Five Key Moments In 2015 Migrant Crisis
A dramatic shipwreck in the Mediterranean, a child's lifeless body on a beach, the shilly-shallying of politicians, borders opening and shutting -- these are some of the enduring images of Europe's 2015 migrant crisis.
In the night of April 18-19, 2015, a small blue trawler coming from Libya capsizes and sinks under the horrified eyes of the crew of the "King Jacob", a Portuguese freighter sent to help.
Only some 30 survive among the more than 800 migrants who had been crammed on board the trawler, making it the worst tragedy of recent decades in the Mediterranean.
The scale of the disaster and the chilling accounts of survivors provoke a wave of outrage and push the European Union to strengthen its presence off the Libyan coast. In 2016 an Italian court sentences the Tunisian captain of the trawler to 18 years in jail.
Wearing a red T-shirt and blue shorts, the small lifeless body of a boy lies on a Turkish beach. Aylan was three years old. He had come from Syria and drowned with a dozen or so other people, including his five-year-old brother, as they tried to reach a Greek island.
The heartbreaking image toured the world, appearing on newspaper front pages and sparking a flurry of donations for asylum seekers. It was as though the migrants crisis, so often told through numbers, had found a human face.
In total more than a million people reached Europe via the sea in 2015. Among them, more than 850,000 arrived on Greek shores, the majority Syrians fleeing their war-torn country.
Summer 2015: faced with a record number of arrivals, European leaders vacillate and argue over how to deal with the situation. Fearing a humanitarian crisis, Germany's Chancellor Angela Merkel takes a stand, and her decision is a landmark moment.
In August she announces Germany will no longer send asylum seekers back to their country of first entry into the EU, as rules require.
And on September 5 she says the country is ready to welcome the thousands of migrants heading to the Austrian-Hungarian border.
Dubbed "Mama Merkel", the chancellor is hailed by Syrian asylum seekers and praised by those who believe she has saved Europe's honour. But her decision also provokes a backlash in Germany and other European countries who criticise her for encouraging an influx.
Amid increasing numbers of arrivals, Germany nevertheless reintroduces border controls in mid-September. Austria, Slovakia and the Czech Republic quickly follow suit -- effectively suspending Europe's borderless Schengen system.
On October 9, 2015, some 20 Eritreans, smiling under the flashes of photographers' cameras, board a plane in Rome. These men and women, rescued off the Libyan coast and taken to Italy, are now headed for Sweden.

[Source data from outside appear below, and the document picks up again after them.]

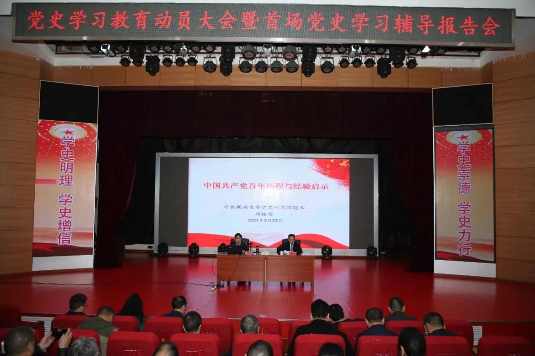 动员会后,我校举行了首场党史学习教育专题辅导报告会,中共湖南省委党史研究院院长胡振荣为我校师生作了题为“中国共产党百年历程与经验启示”专题辅导报告。他从救国、兴国、富国和强国四个阶段回溯了中国共产党百年奋斗历程,指出中国共产党百年历史的主题和主线是争取民族独立、人民解放和实现国家富强、人民幸福;中国共产党百年历史主流和本质就是不懈奋斗史、为民服务史、理论创新史、精神锻造史和自我革命史,为在场师生党员生动的诠释了中国共产党为什么“能”、马克思主义为什么“行”和中国特色社会主义为什么“好”三大问题。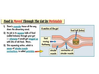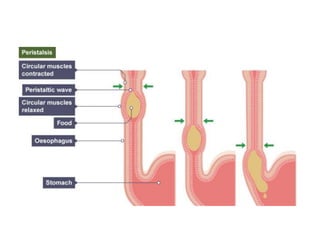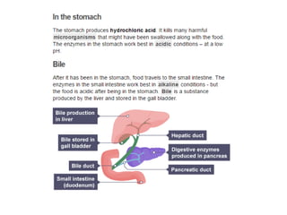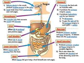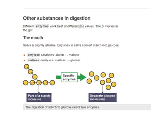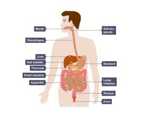 The document discusses the process of digestion. It begins with an overview of the alimentary canal and its parts, including the mouth, esophagus, stomach, small intestine, large intestine, and anus. It then covers the stages of digestion - ingestion, digestion, absorption, assimilation, and egestion. Specific topics covered include the roles and locations of enzymes in breaking down food, as well as the functions of organs like the liver, gallbladder and pancreas in digestion.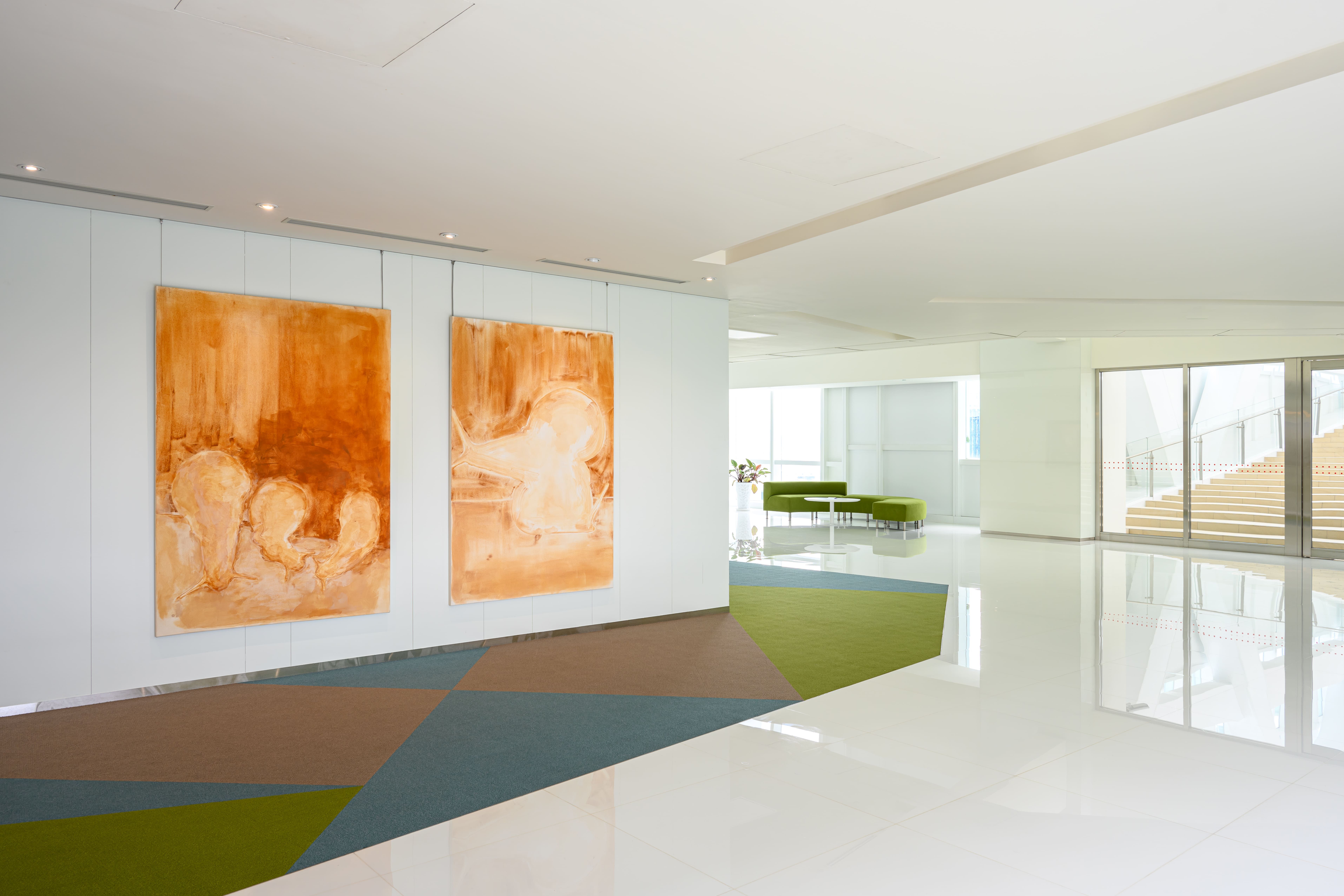 作品陳列後,中國信託也特別邀請獲獎藝術家成為首批觀眾。作品曾多次被企業典藏的藝術家蕭珮宜表示,過往都是透過照片看見作品展出模樣,第一次親赴現場欣賞典藏作品展出,感到十分開心,「覺得作品與牆面、空間的整體色調都非常協調,感受到中國信託文教基金會真的很用心。」藝術家洪瑄則表示,企業展示與一般藝術展覽存在著微妙差異,「在白盒子空間中展出時,周圍不太會有作品以外的物件出現。然而,在園區內的展示作品,則凸顯出從不同空間布局、牆面顏色及功能性需求結合後的化學變化,創造了更具互動性和生活化的體驗連結。」

The transfer is the first realisation of the hard-won "relocation" plan adopted the previous month to take the pressure off Greece and Italy. European countries are supposed to redistribute some 160,000 asylum seekers over two years, most of them on a quota system.
The plan is sluggish to take off. Some countries drag their feet, others such as Poland and Hungary refuse to carry it out, despite its being compulsory.
Some 35,000 people are relocated in the end and the plan, supposed to embody Europe's solidarity, becomes a symbol of division.
As spring 2016 approaches, the situation changes radically. Borders close along the Balkan route from Macedonia to Austria, where a corridor allowing migrants to pass has been in place since summer 2015.
And on March 18, the European Union and Ankara reach a controversial deal that envisages the systematic return to Turkey of all migrants who arrive in Greece.
The outcome is a drastic drop in the number of arrivals in Europe, but tens of thousands of migrants find themselves stranded in Greece, raising fears of a humanitarian crisis. And Europeans remain nowhere near resolving their quarrels over migrants.